Many questions take forms such as these:
The functions min()
and max()
are obvious candidates for carrying out such tasks, but they don’t do quite the right thing. For instance
BabyNames %>%
summarise( biggest=max( count ) )
biggest
1 99674
quickly reveals that the most popular name was given 99674 times. But the result doesn’t indicate what that popular name was or in what year it was given.
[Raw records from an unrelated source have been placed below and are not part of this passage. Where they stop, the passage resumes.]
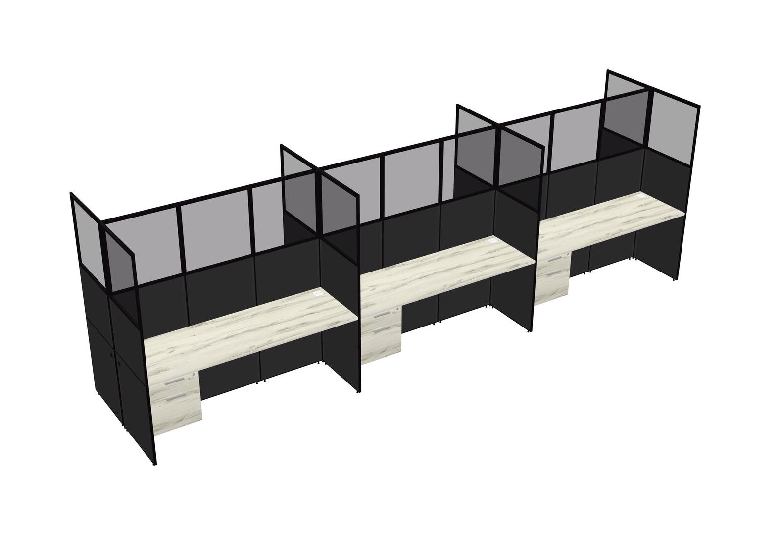 Heinne Holz Shared Rectangular Office Cubicle Panel System With Hanging Drawers For 6 Persons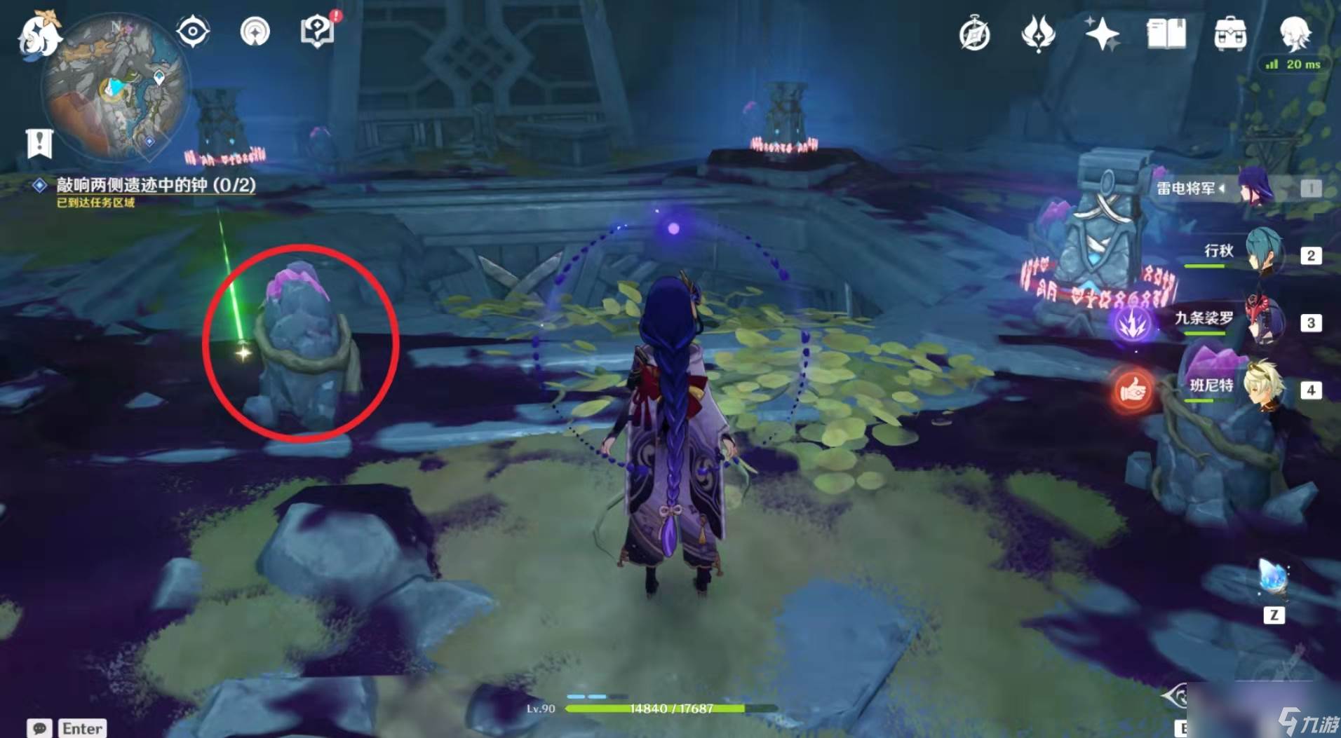 使用纯光清除黑石,黑石被全部清除后会出现怪物,击败后敲钟即可(使用攻击击打钟)。
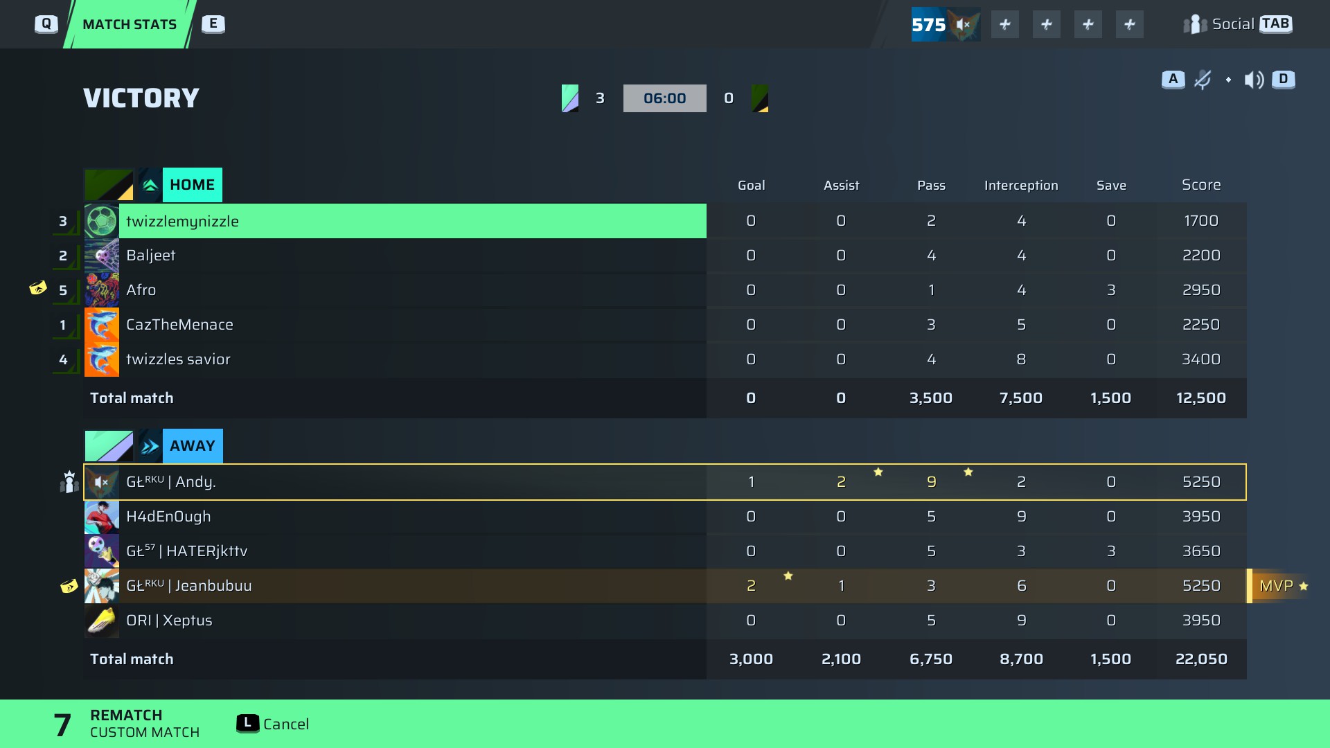 GŁᴿᴷᵁ | Andy. Defense⭐ MVP77 OVR | 1 | 2 | 9 | 2 | 0 | 5,250 | — |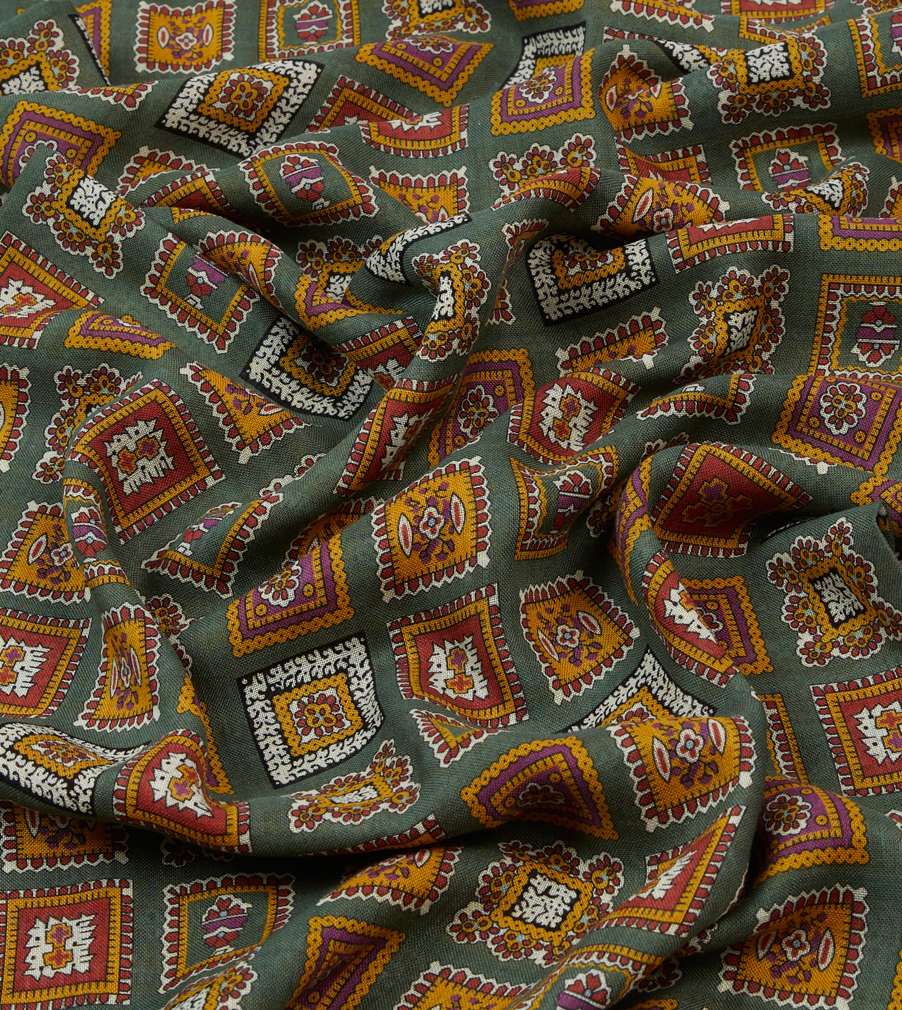 Taken from our extensive design archive, this medallion motif has been vividly applied to a blend of pure wool and silk for an elegant and airy addition to your arsenal.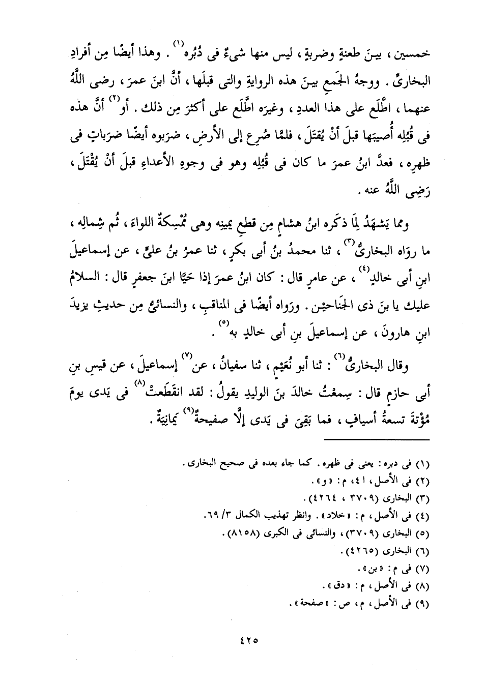 خَمْسِينَ، بَيْنَ طَعْنَةٍ وَضَرْبَةٍ، لَيْسَ مِنْهَا شَيْءٌ فِي دُبُرِهِ، وَهَذَا أَيْضًا مِنْ أَفْرَادِ الْبُخَارِيِّ. وَوَجْهُ الْجَمْعِ بَيْنَ هَذِهِ الرِّوَايَةِ وَالَّتِي قَبْلَهَا، أَنَّ ابْنَ عُمَرَ، رَضِيَ اللَّهُ عَنْهُمَا اطَّلَعَ عَلَى هَذَا الْعَدَدِ، وَغَيْرَهُ اطَّلَعَ عَلَى أَكْثَرَ مِنْ ذَلِكَ. أَوْ أَنَّ هَذِهِ فِي قُبُلِهِ أُصِيبَهَا قَبْلَ أَنْ يُقْتَلَ، فَلَمَّا صُرِعَ إِلَى الْأَرْضِ ضَرَبُوهُ أَيْضًا ضَرَبَاتٍ فِي ظَهْرِهِ، فَعَدَّ ابْنُ عُمَرَ مَا كَانَ فِي قُبُلِهِ وَهُوَ فِي وُجُوهِ الْأَعْدَاءِ قَبْلَ أَنْ يُقْتَلَ، رَضِيَ اللَّهُ عَنْهُ.

What’s needed here is a data verb that will return the one biggest case. The job of choosing cases that meet a criterion belongs to filter()
.
BabyNames %>%
filter( count==max( count ) )
name sex count year
1 Linda F 99674 1947
Note the difference in the use of filter()
instead of summarise()
: rather than creating a new variable as summarise()
(it’s name biggest
in the example), filter()
needs a criterion or test. The criterion count==max( count )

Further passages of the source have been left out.